[Opening Source information section]

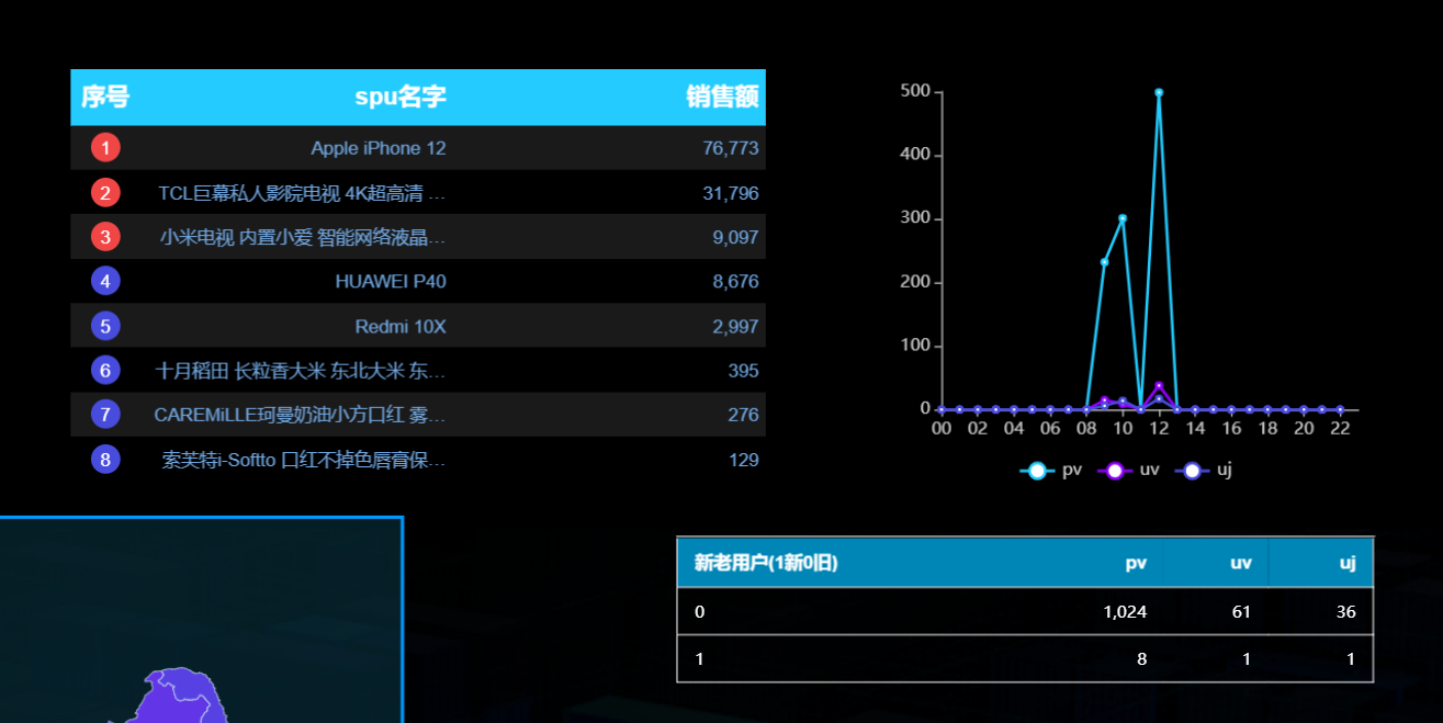 @Autowired VisitorService visitorService; @RequestMapping("/sugar/api/visitor/hour") public String visitorByHour(@RequestParam(value = "date",defaultValue = "0")int date){ if (date == 0){ date = Integer.parseInt(new SimpleDateFormat("yyyyMMdd").format(new Date())); } List<VisitorStats> list = visitorService.statsByHour(date); HashMap<Integer, VisitorStats> hourToVS = new HashMap<>(); for (VisitorStats visitorStats : list) { hourToVS.put(Integer.parseInt(visitorStats.getHour()),visitorStats); } JSONObject result = new JSONObject(); result.put("status", 0); result.put("msg", ""); JSONObject data = new JSONObject(); JSONArray categories = new JSONArray(); for (int i = 0; i < 24; i++) { // 00 01 02 03 ... 12 13 14 categories.add(new DecimalFormat("00").format(i)); } data.put("categories",categories); JSONArray series = new JSONArray(); JSONObject pv = new JSONObject(); pv.put("name","pv"); JSONArray pvData = new JSONArray(); for (int i = 0; i < 23; i++) { VisitorStats vs = hourToVS.get(i); if (vs != null) { pvData.add(vs.getPv_ct()); } else { pvData.add(0); } } pv.put("data",pvData); series.add(pv); JSONObject uv = new JSONObject(); uv.put("name", "uv"); JSONArray uvData = new JSONArray(); for (int i = 0; i < 23; i++) { VisitorStats vs = hourToVS.get(i); if (vs != null) { uvData.add(vs.getUv_ct()); } else { uvData.add(0); } } uv.put("data", uvData); series.add(uv); JSONObject uj = new JSONObject(); uj.put("name", "uj"); JSONArray ujData = new JSONArray(); for (int i = 0; i < 23; i++) { VisitorStats vs = hourToVS.get(i); if (vs != null) { ujData.add(vs.getUj_ct()); } else { ujData.add(0); } } uj.put("data", ujData); series.add(uj); data.put("series",series); result.put("data",data); return result.toJSONString(); } @RequestMapping("/sugar/api/visitor/isnew") public String visitorByIsNew(@RequestParam(value = "date", defaultValue = "0") int date){ if (date == 0){ date = Integer.parseInt(new SimpleDateFormat("yyyyMMdd").format(new Date())); } List<VisitorStats> list = visitorService.statsByIsNew(date); JSONObject result = new JSONObject(); result.put("status", 0); result.put("msg", ""); JSONObject data = new JSONObject(); data.put("total",list.size()); JSONArray columns = new JSONArray(); JSONObject c1 = new JSONObject(); c1.put("name", "新老用户(1新0旧)"); c1.put("id", "is_new"); columns.add(c1); JSONObject c2 = new JSONObject(); c2.put("name", "pv"); c2.put("id", "pv"); columns.add(c2); JSONObject c3 = new JSONObject(); c3.put("name", "uv"); c3.put("id", "uv"); columns.add(c3); JSONObject c4 = new JSONObject(); c4.put("name", "uj"); c4.put("id", "uj"); columns.add(c4); data.put("columns",columns); JSONArray rows = new JSONArray(); for (VisitorStats vs : list) { JSONObject row = new JSONObject(); row.put("is_new", vs.getIs_new()); row.put("pv", vs.getPv_ct()); row.put("uv", vs.getUv_ct()); row.put("uj", vs.getUj_ct()); rows.add(row); } data.put("rows",rows); result.put("data",data); return result.toJSONString(); }
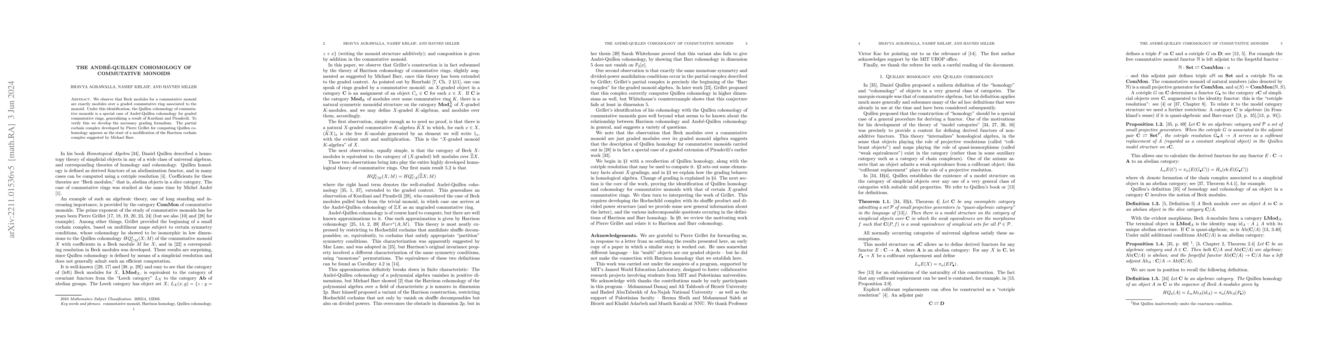 Summary: The paper establishes that Beck modules for commutative monoids correspond to modules over associated graded commutative rings, thus linking Quillen cohomology of monoids to André-Quillen cohomology of rings, and develops the required grading formalism to support this connection.
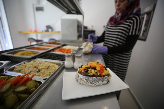 Fırından çıkan sıcak patatesleri uzunlamasına ikiye yaran ve içine kaşar peyniri koyarak karıştıran Hasini, daha sonra müşterinin damak tadına göre iç malzemeleriyle dolduruyor.
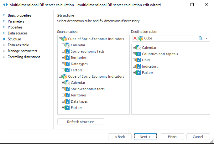 A source cube dictionary is fixed, but a destination cube dictionary matched to it is not fixed. When creating a destination cube dictionary elements can be used, calculation is performed only for destination dimension points, for which a calculation formula is determined.
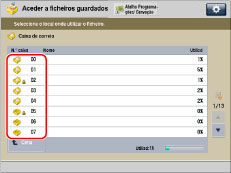 Os ficheiros selecionados são numerados pela ordem especificada e impressos pela mesma ordem. Pode cancelar uma seleção se voltar a especificar o ficheiro. Para cancelar todas as seleções de ficheiros, carregue em [Apagar seleção]. ([Apagar seleção] muda para [Selecionar tudo (máx. 100 fich.)].) Se existirem dois ou mais ficheiros guardados na caixa de correio, pode carregar em [Nome] ou [Data/Hora] para ordenar a lista de ficheiros. Se fechar a caixa de correio depois de ordenar os ficheiros, estes voltam a ficar desordenados da próxima vez que abrir a caixa de correio. Se guardar um ficheiro na caixa de correio a partir de um computador ou se, depois de ordenar os ficheiros, apagar um deles da caixa de correio, a lista atualizada permanece ordenada. Se carregar em [Nome] ou [Data/Hora] com um ficheiro selecionado, anula a seleção desse ficheiro e aparece o topo da lista de ficheiros. |
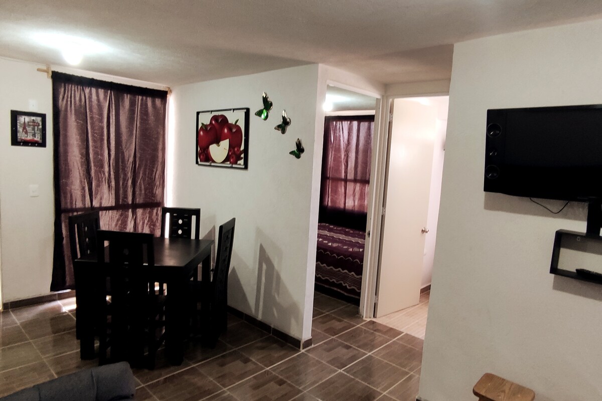 Comfortable and modern apartment in Real del Lago, just 20 minutes from Guadalajara International Airport and 15 minutes from the VFG Arena. Perfect for travelers, concertgoers, or business stays. Fully equipped, with Wi-Fi, parking and surveillance. Close to Bodega Aurrerá, Oxxo, local shops and public transportation. Perfect for resting and enjoying your stay. Tourist places: Cajititlán 15 min, Chapala 30 min. Your temporary home close to everything!
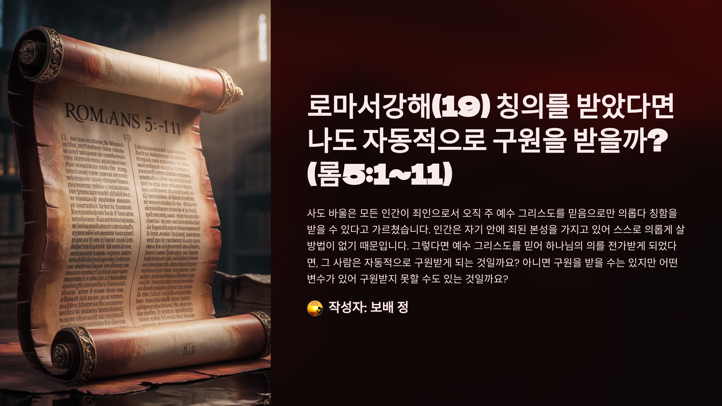 19. [로마서강해(19)] 칭의를 받았다면 나도 자동적으로 구원을 받을까?(롬5:1~11)_2025-05-21(수)

[Closing Source information section]

What you are asked to do >>
Set the pictures aside and transcribe exactly the stretch of lines above, beginning with the one holding "A source cube" and ending with the one holding "Comfortable and modern".

Solution for this problem >>
 A source cube dictionary is fixed, but a destination cube dictionary matched to it is not fixed. When creating a destination cube dictionary elements can be used, calculation is performed only for destination dimension points, for which a calculation formula is determined.
 Os ficheiros selecionados são numerados pela ordem especificada e impressos pela mesma ordem. Pode cancelar uma seleção se voltar a especificar o ficheiro. Para cancelar todas as seleções de ficheiros, carregue em [Apagar seleção]. ([Apagar seleção] muda para [Selecionar tudo (máx. 100 fich.)].) Se existirem dois ou mais ficheiros guardados na caixa de correio, pode carregar em [Nome] ou [Data/Hora] para ordenar a lista de ficheiros. Se fechar a caixa de correio depois de ordenar os ficheiros, estes voltam a ficar desordenados da próxima vez que abrir a caixa de correio. Se guardar um ficheiro na caixa de correio a partir de um computador ou se, depois de ordenar os ficheiros, apagar um deles da caixa de correio, a lista atualizada permanece ordenada. Se carregar em [Nome] ou [Data/Hora] com um ficheiro selecionado, anula a seleção desse ficheiro e aparece o topo da lista de ficheiros. |
 Comfortable and modern apartment in Real del Lago, just 20 minutes from Guadalajara International Airport and 15 minutes from the VFG Arena. Perfect for travelers, concertgoers, or business stays. Fully equipped, with Wi-Fi, parking and surveillance. Close to Bodega Aurrerá, Oxxo, local shops and public transportation. Perfect for resting and enjoying your stay. Tourist places: Cajititlán 15 min, Chapala 30 min. Your temporary home close to everything!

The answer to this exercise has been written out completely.